The part dedicated to photography is represented by Robert Mapplethorpe, and then Irving Penn, who abstracts a detail with gold leaf and makes abstract what is not. And then Nobuyoshi Araki, who squeezes and forces the bodies of his models with ropes. Or those who provoke using diversity, like Oliviero Toscani. Jaques Sono (1949 Belgium) instead transforms the body into a manifesto of uniqueness, bringing on display (unique case, here) the representation of a male torso.

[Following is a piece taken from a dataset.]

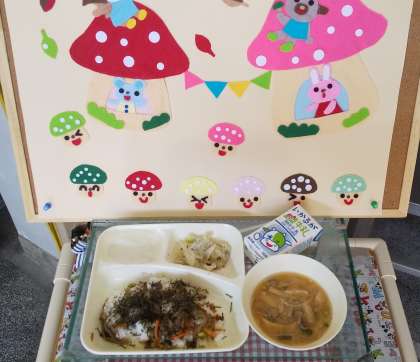 調理員さんが給食室の掲示を秋らしく飾ってくれました。
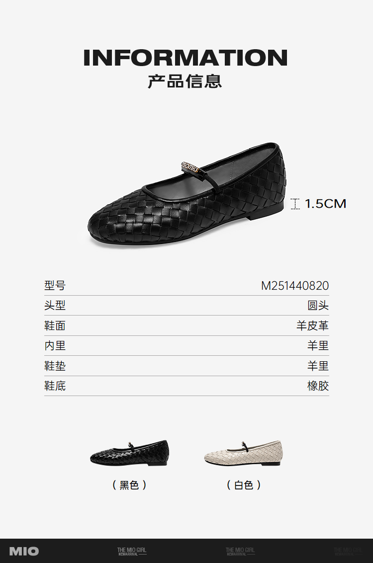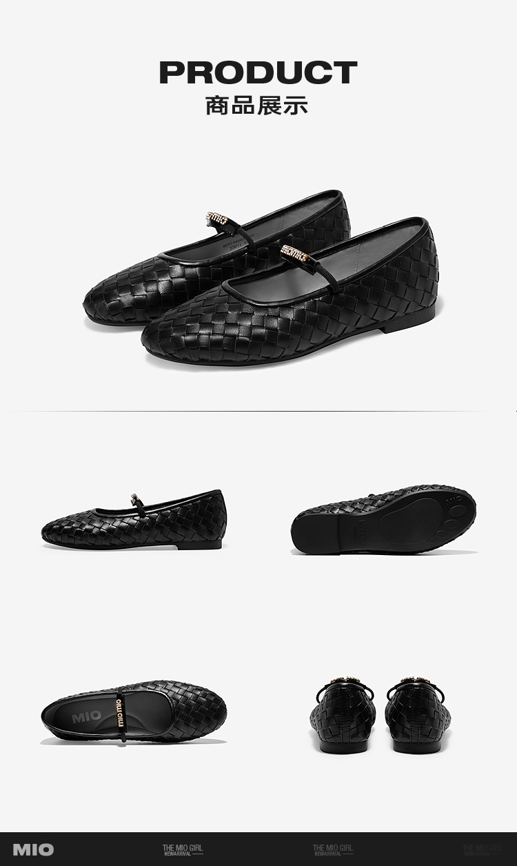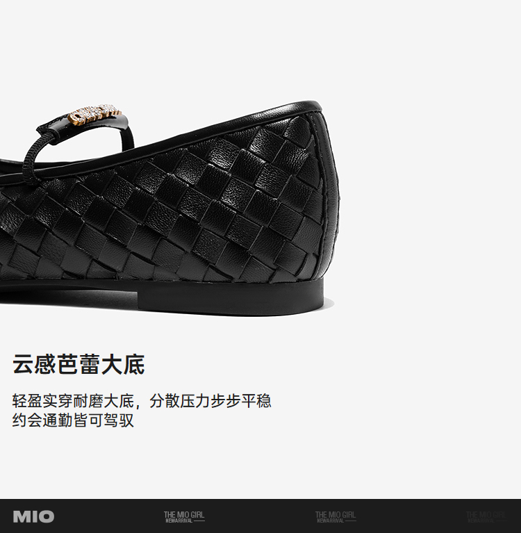 MIO米奥优雅简约玛丽珍鞋羊皮编织松紧带舒适平跟鞋M251440820

 An ironic Dalí makes snails of breasts, Luoise Bourgeois makes them a roof for a waiting belly, showing both the inside and the outside without any prejudice or shame. Charlotte Colbert's Mastectomy Mameria (1987) is a monument to the power, regenerative nature and potential of the body, gushing like a waterfall. Aurora Pellizzi (1983, Mexico) plays with textiles and the irresistible desire to touch, transforming two breasts into one of those magical figures from Rubin's vase, which here, entitled The Kiss, removes any doubts.
 
 Artwork by  Robert Mapplethorp. Photo: press
 
Finally Laure Prouvost, who extracts two giant breasts and transforms them into objects of her own individuality, is the prelude to Four For See Beauties, a 15-minute video shot in 2022, which with new sweetness immerses you in a story of maternal love and marine images to remind us of the flow of life stages.
 This exhibition should be explored with curiosity and lightheartedness, through the eyes of a child. Discovering a much loved and represented form, symbol of one of the most primordial attachments we have, which must go beyond limiting prejudices or modesty. Breasts contains within itself the right ideas to ask why, even today, the female body produces so much fuss if revealed and declared, as if we always had to draw up a ranking of saints and sinners (when, in fact, everyone wants it).
All the rooms have high and historical, commercial and dreamlike references, always gaming as a distinctive theme. But if it is true that a breast cannot fit without a meaning, it would be nice if this exhibition could be a transversal container where we could wander around freely, choosing which dress we would most like to wear at that moment. And taking care of it, as you have to do with everything else.